At query time, encode the user query, search the vector index for nearest neighbors, and return top-k passages.
Optionally apply a cross-encoder re-ranker and assemble final answers.

Choosing an embedding model

Pick a model that matches your language, latency, and cost constraints. Common categories:

Small, fast, general-purpose: all-MiniLM-L6-v2 (384d), e5-small, bge-small-en-v1.5
Strong English retrieval: e5-base, bge-base-en-v1.5, mxbai-embed-large
Multilingual: LaBSE, distiluse-base-multilingual, bge-m3, e5-multilingual
Domain-tuned: models fine-tuned on finance, legal, or code

Guidelines:

Start small for baseline latency and cost; upgrade only if quality demands it.
Prefer models trained for retrieval tasks (contrastive learning with hard negatives).
Use multilingual models if your corpus or users are cross-language.
Keep vectors reasonably sized (384–768 dims) unless you truly need larger.

Data preparation and chunking

Chunking is as important as model choice.

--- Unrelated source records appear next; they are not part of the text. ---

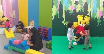 Selain bermain dan belajar, anak-anak juga bisa berinteraksi langsung, menari dan bernyanyi dengan maskot pendidikan prasekolah nomor satu di Jepang yaitu, Shimajiro.
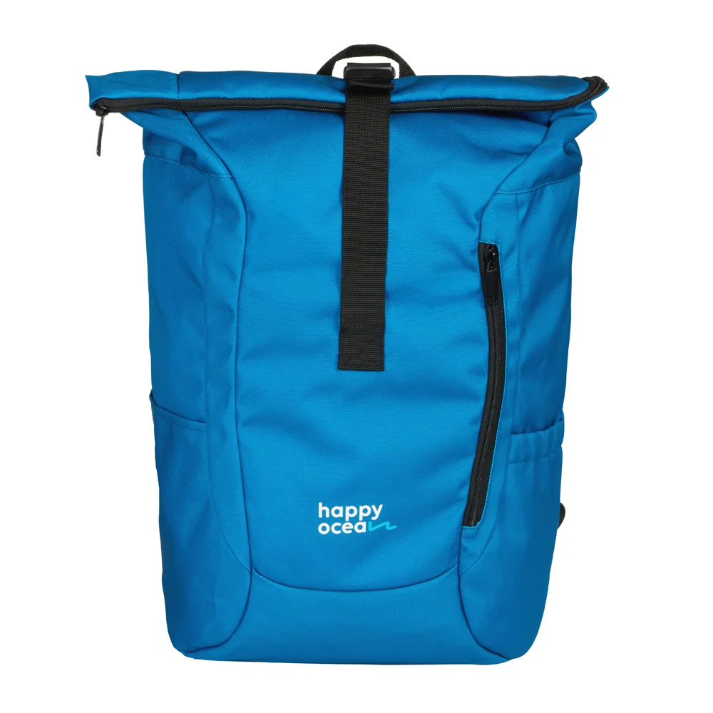 Urbaner Rucksack aus 100% rezykliertem Ozean-Plastik, hochwertig und wasserabweisend, mit Innenseite aus Polyester, grossem Reissverschluss-Hauptfach, trendigem Rollverschluss, Reissverschluss-Aussenfach und längenverstellbaren Schultergurten, Mindestbestellmenge 300 Stück
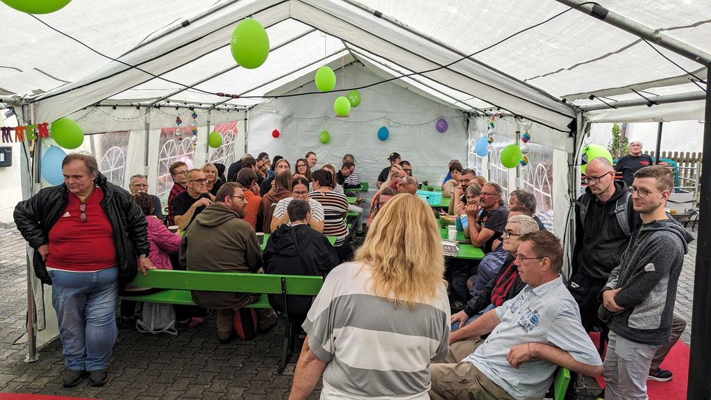 Der Austragungsort unseres Sommerfests in Region Wernberg war heuer das Haus Frauenricht in Weiden. Dieses wurde von Oktober 2024 bis Juli 2025 umfassend renoviert und so staunten die Besucher des Festes nicht schlecht, als sie unsere neuen Räumlichkeiten zum ersten Mal besichtigen konnten.Leider spielte das Wetter an diesem Tag nicht mit und wir mussten schon vor Festbeginn mit häufigen Regenschauern kämpfen. Ein Glück, dass wir das Zelt im Hof und nicht – wie ursprünglich geplant – im Garten aufgebaut hatten!

Split by semantic boundaries first (headings, paragraphs). Fall back to token-based splits.
Typical chunk: 200–400 tokens with 20–40 token overlap to preserve context across boundaries.
Store rich metadata: title, section, URL, timestamps, product IDs, language code, permissions.
Normalize text: lowercase, trim whitespace, normalize unicode. Keep punctuation when helpful.
Deduplicate aggressively (minhash or embedding-based clustering) to avoid repetitive results.

Example Python chunker using a sliding window:

import re

def simple_chunks(text, max_tokens=300, overlap=40):
    words = re.findall(r'\S+', text)
    i = 0
    chunks = []
    while i < len(words):
        chunk = words[i:i+max_tokens]
        chunks.append(' '.join(chunk))
        i += max_tokens - overlap
    return chunks

Quickstart: build a vector index with FAISS (Python)

This minimal example uses sentence-transformers and FAISS. It demonstrates ingestion, indexing, and search.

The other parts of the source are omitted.